Source material section start

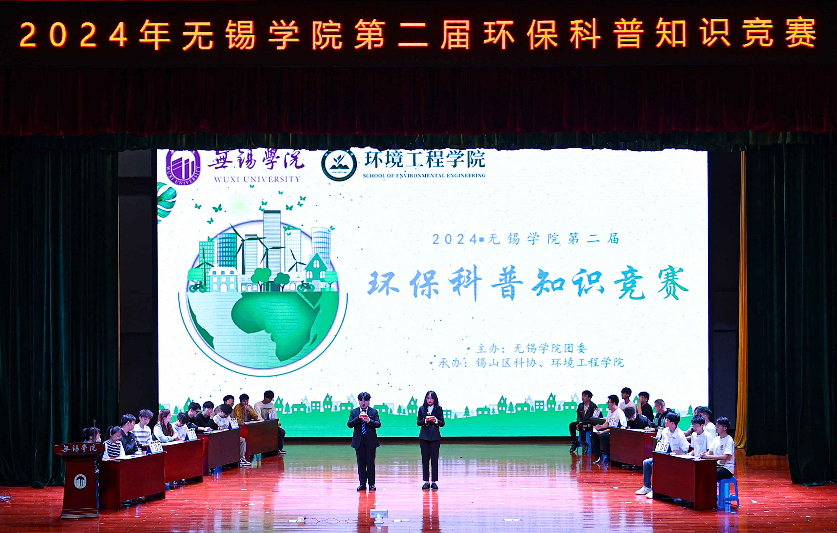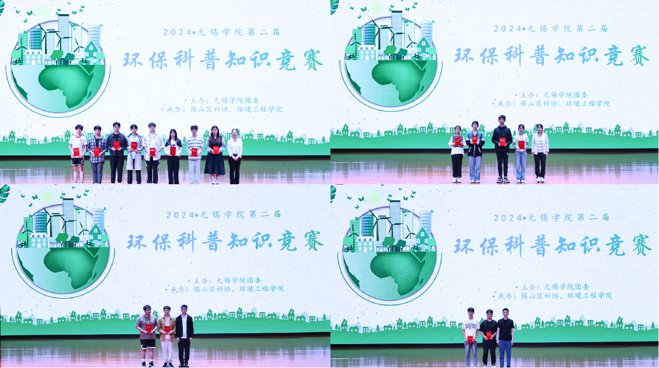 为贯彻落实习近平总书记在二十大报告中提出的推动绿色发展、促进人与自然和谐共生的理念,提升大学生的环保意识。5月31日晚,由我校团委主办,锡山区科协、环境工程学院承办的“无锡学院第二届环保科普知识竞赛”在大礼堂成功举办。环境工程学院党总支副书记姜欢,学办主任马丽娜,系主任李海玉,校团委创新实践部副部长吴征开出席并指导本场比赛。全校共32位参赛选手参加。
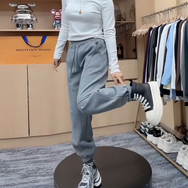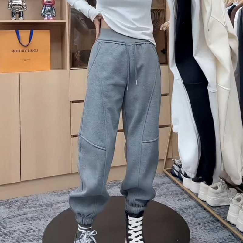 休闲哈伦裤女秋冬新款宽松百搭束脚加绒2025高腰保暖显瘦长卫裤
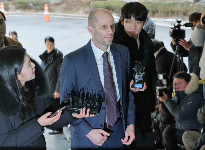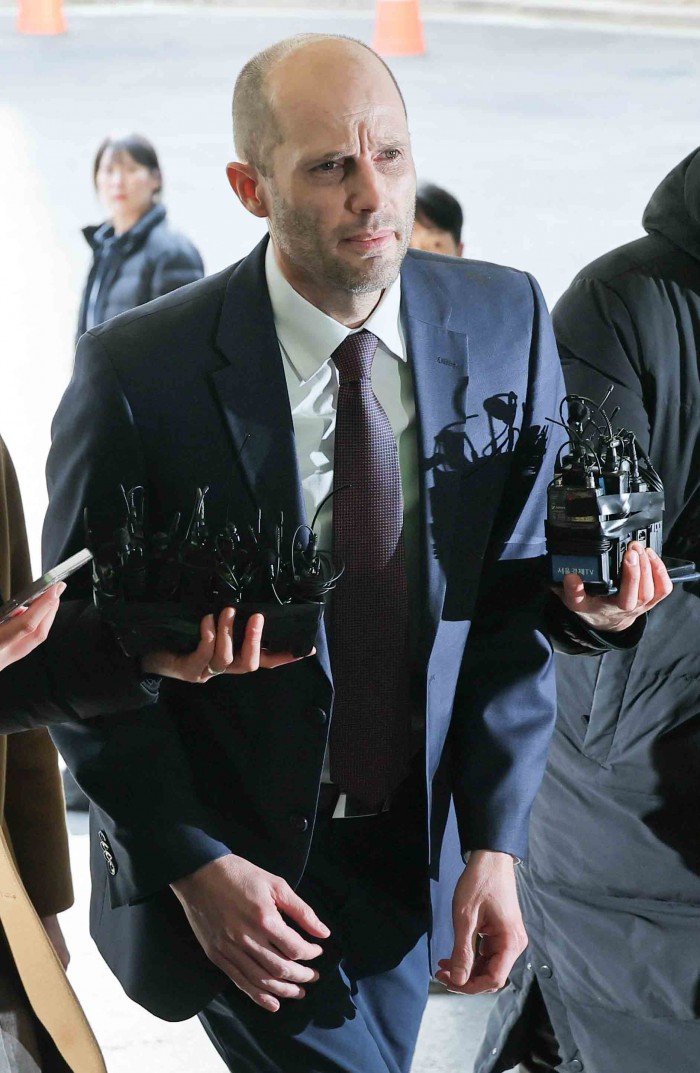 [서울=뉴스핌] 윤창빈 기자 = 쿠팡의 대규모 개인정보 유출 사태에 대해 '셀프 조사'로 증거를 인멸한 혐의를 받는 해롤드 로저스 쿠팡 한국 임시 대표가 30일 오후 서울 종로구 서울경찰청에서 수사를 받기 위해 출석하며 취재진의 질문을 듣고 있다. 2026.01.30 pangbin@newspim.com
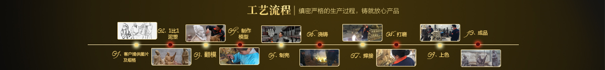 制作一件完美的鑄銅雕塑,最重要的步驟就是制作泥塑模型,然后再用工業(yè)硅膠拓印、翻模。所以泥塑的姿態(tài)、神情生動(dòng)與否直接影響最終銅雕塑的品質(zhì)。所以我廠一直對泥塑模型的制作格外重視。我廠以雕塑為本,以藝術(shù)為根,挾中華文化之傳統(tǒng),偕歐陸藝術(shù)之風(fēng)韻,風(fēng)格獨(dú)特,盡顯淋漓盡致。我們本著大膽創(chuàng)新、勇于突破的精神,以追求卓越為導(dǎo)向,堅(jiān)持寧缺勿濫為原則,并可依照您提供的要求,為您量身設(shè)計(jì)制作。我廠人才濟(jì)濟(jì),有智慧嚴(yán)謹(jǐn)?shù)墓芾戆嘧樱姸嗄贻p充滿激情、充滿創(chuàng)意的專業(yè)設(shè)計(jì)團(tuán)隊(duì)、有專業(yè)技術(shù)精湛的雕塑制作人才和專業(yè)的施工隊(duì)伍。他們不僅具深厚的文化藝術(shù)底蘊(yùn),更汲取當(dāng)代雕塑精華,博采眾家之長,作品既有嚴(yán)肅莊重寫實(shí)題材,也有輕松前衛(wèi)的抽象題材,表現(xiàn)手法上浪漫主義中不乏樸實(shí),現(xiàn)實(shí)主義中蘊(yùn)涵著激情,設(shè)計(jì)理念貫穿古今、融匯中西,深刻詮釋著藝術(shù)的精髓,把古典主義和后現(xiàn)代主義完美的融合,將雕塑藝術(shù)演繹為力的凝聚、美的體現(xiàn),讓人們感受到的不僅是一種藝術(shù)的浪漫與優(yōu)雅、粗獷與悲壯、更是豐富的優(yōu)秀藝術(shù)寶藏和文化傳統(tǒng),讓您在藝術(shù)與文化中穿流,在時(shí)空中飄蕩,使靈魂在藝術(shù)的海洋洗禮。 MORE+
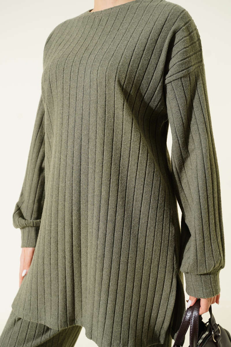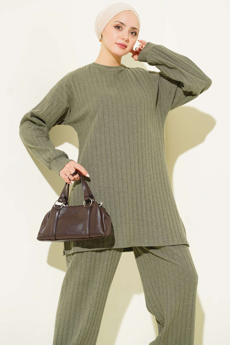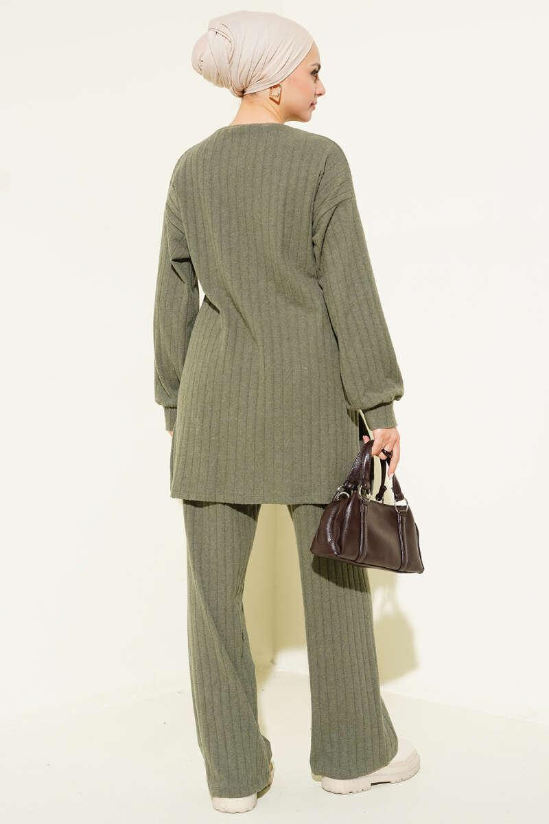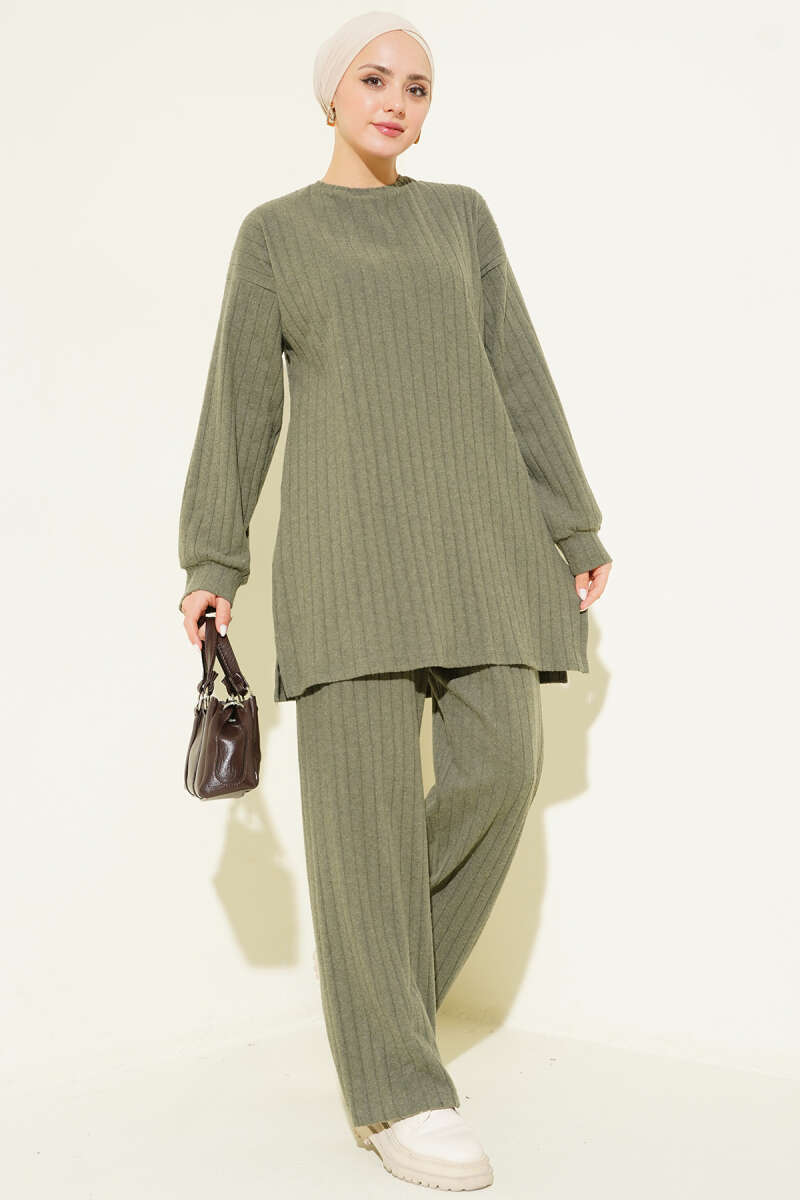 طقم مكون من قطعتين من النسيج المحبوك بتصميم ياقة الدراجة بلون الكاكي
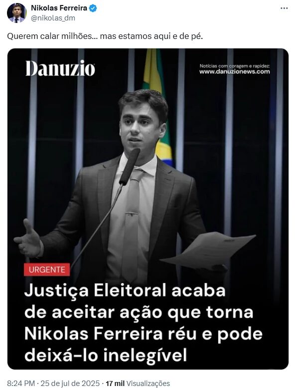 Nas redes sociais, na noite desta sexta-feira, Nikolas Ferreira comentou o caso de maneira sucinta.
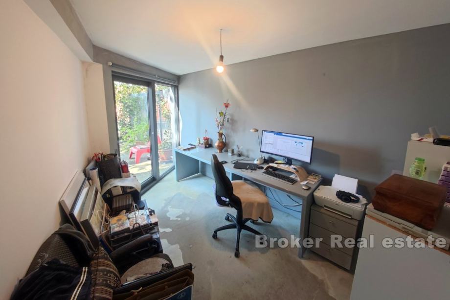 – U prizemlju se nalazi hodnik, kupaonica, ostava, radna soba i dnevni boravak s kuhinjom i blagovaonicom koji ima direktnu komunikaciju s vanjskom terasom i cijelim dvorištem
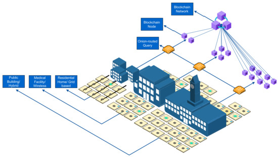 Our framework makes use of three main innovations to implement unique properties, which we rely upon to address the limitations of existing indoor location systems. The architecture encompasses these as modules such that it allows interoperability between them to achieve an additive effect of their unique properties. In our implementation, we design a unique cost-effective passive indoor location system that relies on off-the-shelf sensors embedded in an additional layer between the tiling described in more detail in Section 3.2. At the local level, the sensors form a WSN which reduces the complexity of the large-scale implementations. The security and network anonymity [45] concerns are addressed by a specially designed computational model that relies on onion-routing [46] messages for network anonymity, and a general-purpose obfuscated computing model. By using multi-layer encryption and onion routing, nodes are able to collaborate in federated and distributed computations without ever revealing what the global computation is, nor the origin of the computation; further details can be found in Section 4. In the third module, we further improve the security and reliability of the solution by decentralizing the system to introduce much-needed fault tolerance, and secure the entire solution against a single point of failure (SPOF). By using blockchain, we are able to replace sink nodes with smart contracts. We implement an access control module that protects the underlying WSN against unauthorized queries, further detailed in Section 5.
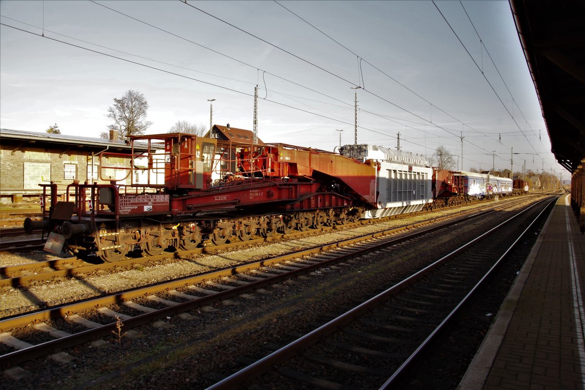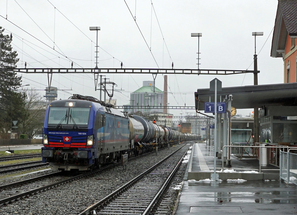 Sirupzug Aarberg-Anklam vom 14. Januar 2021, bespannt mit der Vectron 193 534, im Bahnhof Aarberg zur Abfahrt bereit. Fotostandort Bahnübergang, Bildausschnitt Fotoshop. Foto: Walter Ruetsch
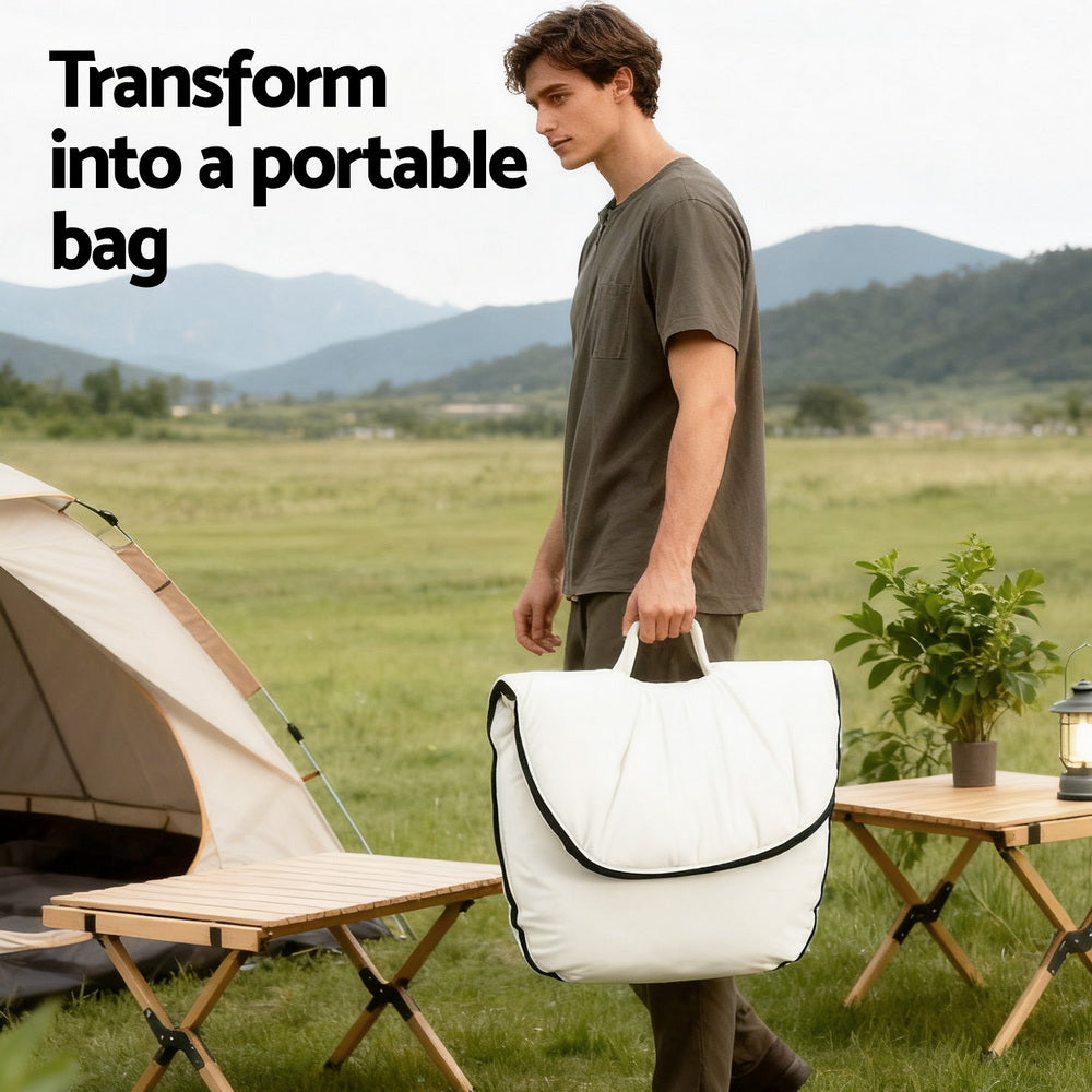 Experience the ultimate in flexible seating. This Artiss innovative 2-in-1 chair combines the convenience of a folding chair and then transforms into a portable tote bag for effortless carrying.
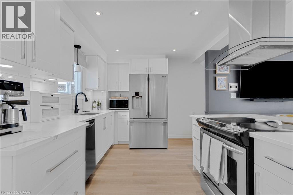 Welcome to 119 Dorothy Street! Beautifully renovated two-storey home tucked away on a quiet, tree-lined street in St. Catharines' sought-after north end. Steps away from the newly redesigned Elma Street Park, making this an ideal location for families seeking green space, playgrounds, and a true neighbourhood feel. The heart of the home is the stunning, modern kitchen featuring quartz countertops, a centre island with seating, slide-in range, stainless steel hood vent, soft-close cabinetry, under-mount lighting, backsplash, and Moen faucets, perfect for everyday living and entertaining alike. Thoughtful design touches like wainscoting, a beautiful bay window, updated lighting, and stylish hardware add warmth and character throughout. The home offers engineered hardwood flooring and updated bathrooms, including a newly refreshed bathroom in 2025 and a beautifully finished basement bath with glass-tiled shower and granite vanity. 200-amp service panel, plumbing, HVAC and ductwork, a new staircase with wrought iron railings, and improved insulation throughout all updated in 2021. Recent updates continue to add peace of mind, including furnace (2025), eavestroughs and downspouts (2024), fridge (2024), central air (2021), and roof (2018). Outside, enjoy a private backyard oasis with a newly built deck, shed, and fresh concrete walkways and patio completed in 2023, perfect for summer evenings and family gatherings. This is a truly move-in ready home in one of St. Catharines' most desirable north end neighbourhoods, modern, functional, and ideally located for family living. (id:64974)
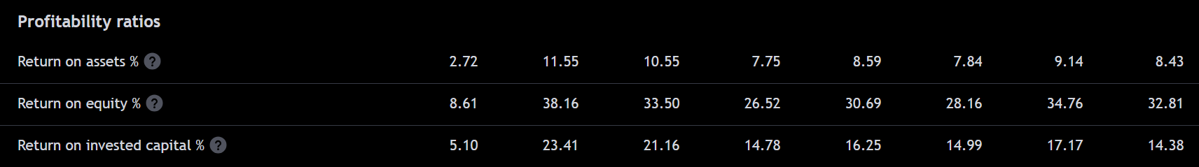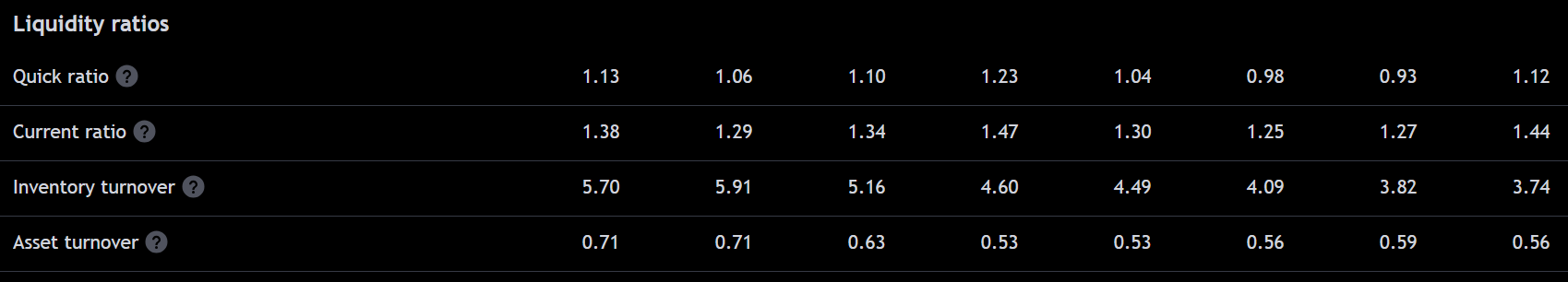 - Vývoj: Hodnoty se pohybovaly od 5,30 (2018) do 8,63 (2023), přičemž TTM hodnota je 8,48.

Source material section end

Every line of the records above must reappear exactly, though the pictures must not.

 为贯彻落实习近平总书记在二十大报告中提出的推动绿色发展、促进人与自然和谐共生的理念,提升大学生的环保意识。5月31日晚,由我校团委主办,锡山区科协、环境工程学院承办的“无锡学院第二届环保科普知识竞赛”在大礼堂成功举办。环境工程学院党总支副书记姜欢,学办主任马丽娜,系主任李海玉,校团委创新实践部副部长吴征开出席并指导本场比赛。全校共32位参赛选手参加。
 休闲哈伦裤女秋冬新款宽松百搭束脚加绒2025高腰保暖显瘦长卫裤
 [서울=뉴스핌] 윤창빈 기자 = 쿠팡의 대규모 개인정보 유출 사태에 대해 '셀프 조사'로 증거를 인멸한 혐의를 받는 해롤드 로저스 쿠팡 한국 임시 대표가 30일 오후 서울 종로구 서울경찰청에서 수사를 받기 위해 출석하며 취재진의 질문을 듣고 있다. 2026.01.30 pangbin@newspim.com
 制作一件完美的鑄銅雕塑,最重要的步驟就是制作泥塑模型,然后再用工業(yè)硅膠拓印、翻模。所以泥塑的姿態(tài)、神情生動(dòng)與否直接影響最終銅雕塑的品質(zhì)。所以我廠一直對泥塑模型的制作格外重視。我廠以雕塑為本,以藝術(shù)為根,挾中華文化之傳統(tǒng),偕歐陸藝術(shù)之風(fēng)韻,風(fēng)格獨(dú)特,盡顯淋漓盡致。我們本著大膽創(chuàng)新、勇于突破的精神,以追求卓越為導(dǎo)向,堅(jiān)持寧缺勿濫為原則,并可依照您提供的要求,為您量身設(shè)計(jì)制作。我廠人才濟(jì)濟(jì),有智慧嚴(yán)謹(jǐn)?shù)墓芾戆嘧樱姸嗄贻p充滿激情、充滿創(chuàng)意的專業(yè)設(shè)計(jì)團(tuán)隊(duì)、有專業(yè)技術(shù)精湛的雕塑制作人才和專業(yè)的施工隊(duì)伍。他們不僅具深厚的文化藝術(shù)底蘊(yùn),更汲取當(dāng)代雕塑精華,博采眾家之長,作品既有嚴(yán)肅莊重寫實(shí)題材,也有輕松前衛(wèi)的抽象題材,表現(xiàn)手法上浪漫主義中不乏樸實(shí),現(xiàn)實(shí)主義中蘊(yùn)涵著激情,設(shè)計(jì)理念貫穿古今、融匯中西,深刻詮釋著藝術(shù)的精髓,把古典主義和后現(xiàn)代主義完美的融合,將雕塑藝術(shù)演繹為力的凝聚、美的體現(xiàn),讓人們感受到的不僅是一種藝術(shù)的浪漫與優(yōu)雅、粗獷與悲壯、更是豐富的優(yōu)秀藝術(shù)寶藏和文化傳統(tǒng),讓您在藝術(shù)與文化中穿流,在時(shí)空中飄蕩,使靈魂在藝術(shù)的海洋洗禮。 MORE+
 طقم مكون من قطعتين من النسيج المحبوك بتصميم ياقة الدراجة بلون الكاكي
 Nas redes sociais, na noite desta sexta-feira, Nikolas Ferreira comentou o caso de maneira sucinta.
 – U prizemlju se nalazi hodnik, kupaonica, ostava, radna soba i dnevni boravak s kuhinjom i blagovaonicom koji ima direktnu komunikaciju s vanjskom terasom i cijelim dvorištem
 Our framework makes use of three main innovations to implement unique properties, which we rely upon to address the limitations of existing indoor location systems. The architecture encompasses these as modules such that it allows interoperability between them to achieve an additive effect of their unique properties. In our implementation, we design a unique cost-effective passive indoor location system that relies on off-the-shelf sensors embedded in an additional layer between the tiling described in more detail in Section 3.2. At the local level, the sensors form a WSN which reduces the complexity of the large-scale implementations. The security and network anonymity [45] concerns are addressed by a specially designed computational model that relies on onion-routing [46] messages for network anonymity, and a general-purpose obfuscated computing model. By using multi-layer encryption and onion routing, nodes are able to collaborate in federated and distributed computations without ever revealing what the global computation is, nor the origin of the computation; further details can be found in Section 4. In the third module, we further improve the security and reliability of the solution by decentralizing the system to introduce much-needed fault tolerance, and secure the entire solution against a single point of failure (SPOF). By using blockchain, we are able to replace sink nodes with smart contracts. We implement an access control module that protects the underlying WSN against unauthorized queries, further detailed in Section 5.
 Sirupzug Aarberg-Anklam vom 14. Januar 2021, bespannt mit der Vectron 193 534, im Bahnhof Aarberg zur Abfahrt bereit. Fotostandort Bahnübergang, Bildausschnitt Fotoshop. Foto: Walter Ruetsch
 Experience the ultimate in flexible seating. This Artiss innovative 2-in-1 chair combines the convenience of a folding chair and then transforms into a portable tote bag for effortless carrying.
 Welcome to 119 Dorothy Street! Beautifully renovated two-storey home tucked away on a quiet, tree-lined street in St. Catharines' sought-after north end. Steps away from the newly redesigned Elma Street Park, making this an ideal location for families seeking green space, playgrounds, and a true neighbourhood feel. The heart of the home is the stunning, modern kitchen featuring quartz countertops, a centre island with seating, slide-in range, stainless steel hood vent, soft-close cabinetry, under-mount lighting, backsplash, and Moen faucets, perfect for everyday living and entertaining alike. Thoughtful design touches like wainscoting, a beautiful bay window, updated lighting, and stylish hardware add warmth and character throughout. The home offers engineered hardwood flooring and updated bathrooms, including a newly refreshed bathroom in 2025 and a beautifully finished basement bath with glass-tiled shower and granite vanity. 200-amp service panel, plumbing, HVAC and ductwork, a new staircase with wrought iron railings, and improved insulation throughout all updated in 2021. Recent updates continue to add peace of mind, including furnace (2025), eavestroughs and downspouts (2024), fridge (2024), central air (2021), and roof (2018). Outside, enjoy a private backyard oasis with a newly built deck, shed, and fresh concrete walkways and patio completed in 2023, perfect for summer evenings and family gatherings. This is a truly move-in ready home in one of St. Catharines' most desirable north end neighbourhoods, modern, functional, and ideally located for family living. (id:64974)
 - Vývoj: Hodnoty se pohybovaly od 5,30 (2018) do 8,63 (2023), přičemž TTM hodnota je 8,48.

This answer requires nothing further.